What needs to be done - Start to finish, retype the entries exactly while omitting the pictures.

Stored dataset items
++++++++++++++++++++
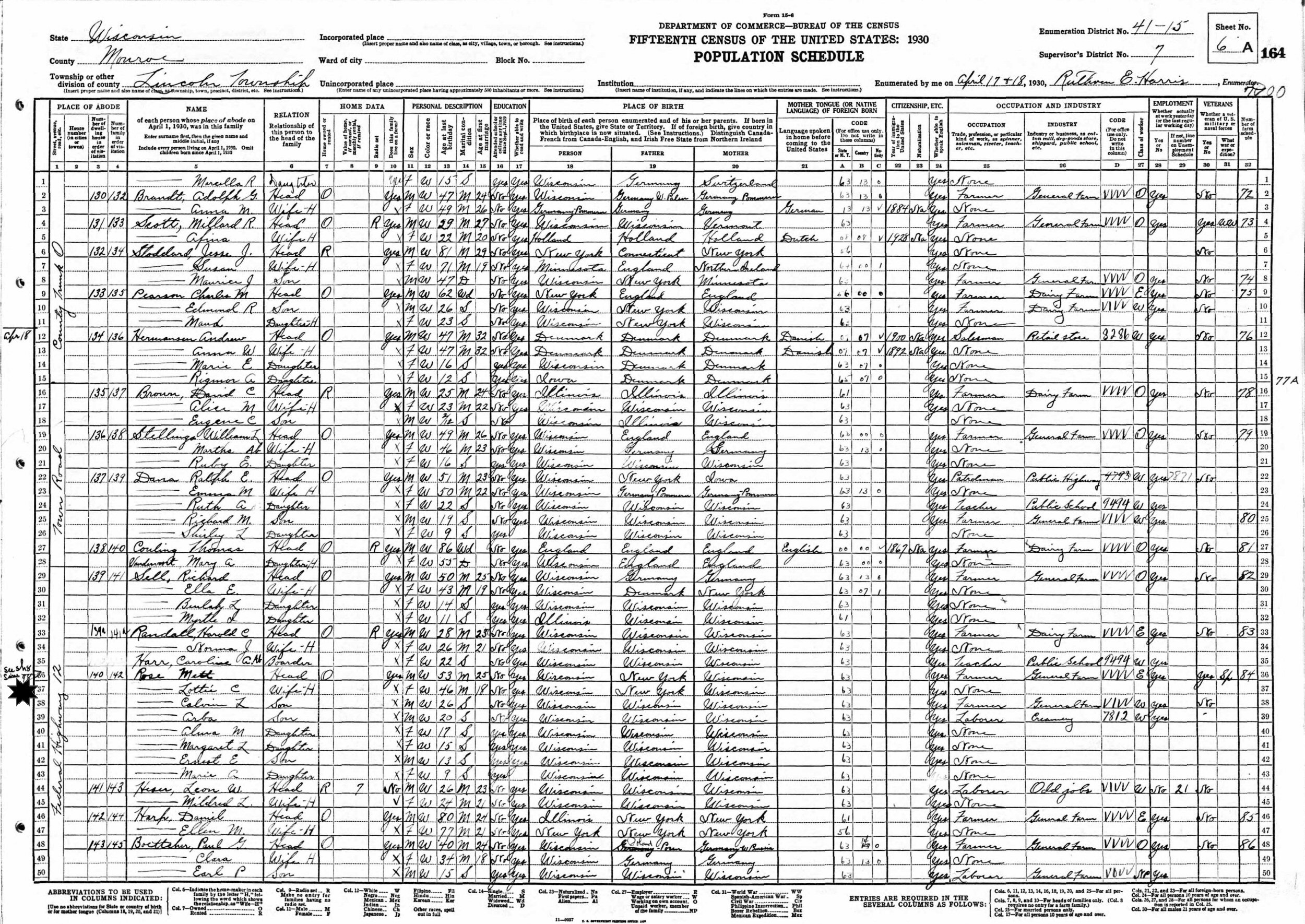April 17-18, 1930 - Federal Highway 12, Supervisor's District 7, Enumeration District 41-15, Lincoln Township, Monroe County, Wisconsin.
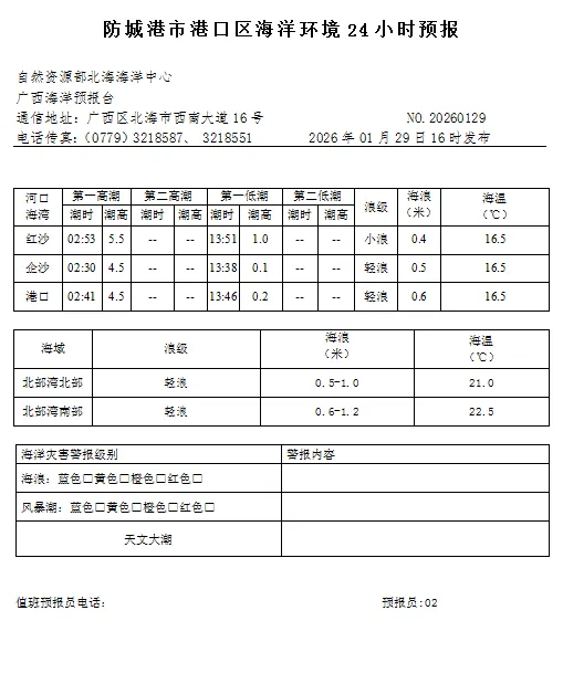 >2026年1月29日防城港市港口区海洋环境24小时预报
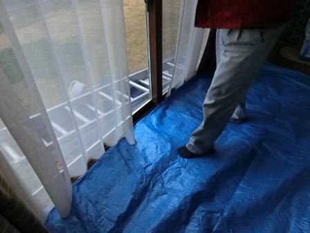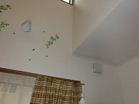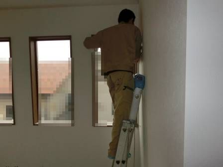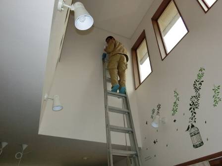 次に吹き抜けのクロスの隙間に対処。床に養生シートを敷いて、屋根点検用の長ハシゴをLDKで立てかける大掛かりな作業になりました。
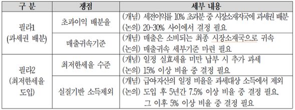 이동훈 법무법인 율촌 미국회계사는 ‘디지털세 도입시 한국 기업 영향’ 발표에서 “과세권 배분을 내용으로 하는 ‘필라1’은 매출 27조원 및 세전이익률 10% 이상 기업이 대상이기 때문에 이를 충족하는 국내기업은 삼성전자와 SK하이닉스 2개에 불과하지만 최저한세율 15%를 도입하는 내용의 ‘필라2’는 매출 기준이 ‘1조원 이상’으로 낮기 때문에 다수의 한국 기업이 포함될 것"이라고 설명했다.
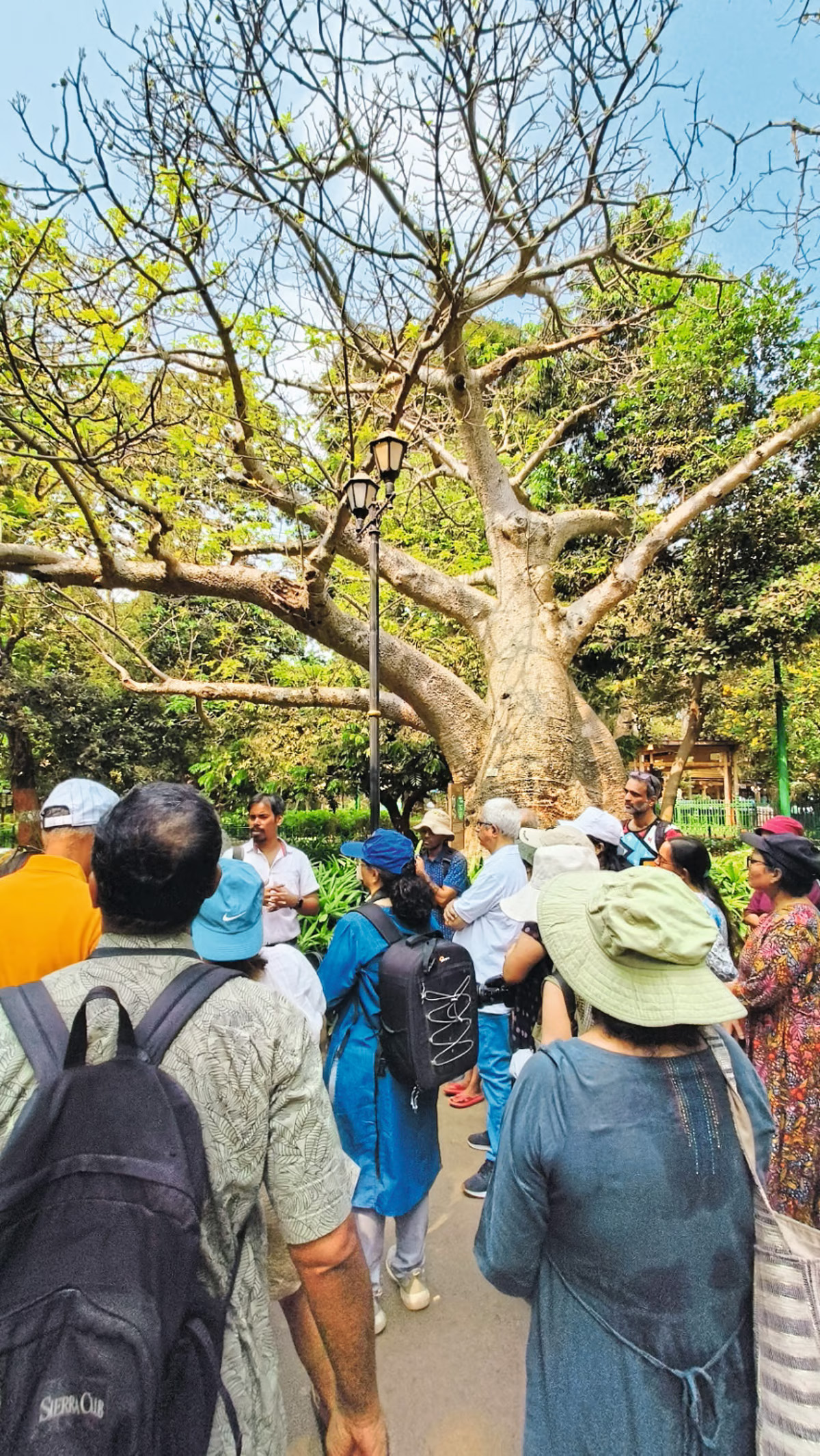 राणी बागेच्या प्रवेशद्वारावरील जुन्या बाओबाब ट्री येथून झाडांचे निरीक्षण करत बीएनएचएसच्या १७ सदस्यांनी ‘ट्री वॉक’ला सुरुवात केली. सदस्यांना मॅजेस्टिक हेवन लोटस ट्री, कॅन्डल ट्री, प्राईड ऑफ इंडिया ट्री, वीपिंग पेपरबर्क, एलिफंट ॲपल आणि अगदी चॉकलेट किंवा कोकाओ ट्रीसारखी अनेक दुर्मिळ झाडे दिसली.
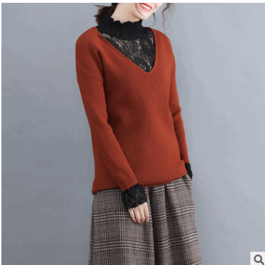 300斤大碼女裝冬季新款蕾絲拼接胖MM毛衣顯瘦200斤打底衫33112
++++++++++++++++++++
Response to the exercise -
April 17-18, 1930 - Federal Highway 12, Supervisor's District 7, Enumeration District 41-15, Lincoln Township, Monroe County, Wisconsin.
 >2026年1月29日防城港市港口区海洋环境24小时预报
 次に吹き抜けのクロスの隙間に対処。床に養生シートを敷いて、屋根点検用の長ハシゴをLDKで立てかける大掛かりな作業になりました。
 이동훈 법무법인 율촌 미국회계사는 ‘디지털세 도입시 한국 기업 영향’ 발표에서 “과세권 배분을 내용으로 하는 ‘필라1’은 매출 27조원 및 세전이익률 10% 이상 기업이 대상이기 때문에 이를 충족하는 국내기업은 삼성전자와 SK하이닉스 2개에 불과하지만 최저한세율 15%를 도입하는 내용의 ‘필라2’는 매출 기준이 ‘1조원 이상’으로 낮기 때문에 다수의 한국 기업이 포함될 것"이라고 설명했다.
 राणी बागेच्या प्रवेशद्वारावरील जुन्या बाओबाब ट्री येथून झाडांचे निरीक्षण करत बीएनएचएसच्या १७ सदस्यांनी ‘ट्री वॉक’ला सुरुवात केली. सदस्यांना मॅजेस्टिक हेवन लोटस ट्री, कॅन्डल ट्री, प्राईड ऑफ इंडिया ट्री, वीपिंग पेपरबर्क, एलिफंट ॲपल आणि अगदी चॉकलेट किंवा कोकाओ ट्रीसारखी अनेक दुर्मिळ झाडे दिसली.
 300斤大碼女裝冬季新款蕾絲拼接胖MM毛衣顯瘦200斤打底衫33112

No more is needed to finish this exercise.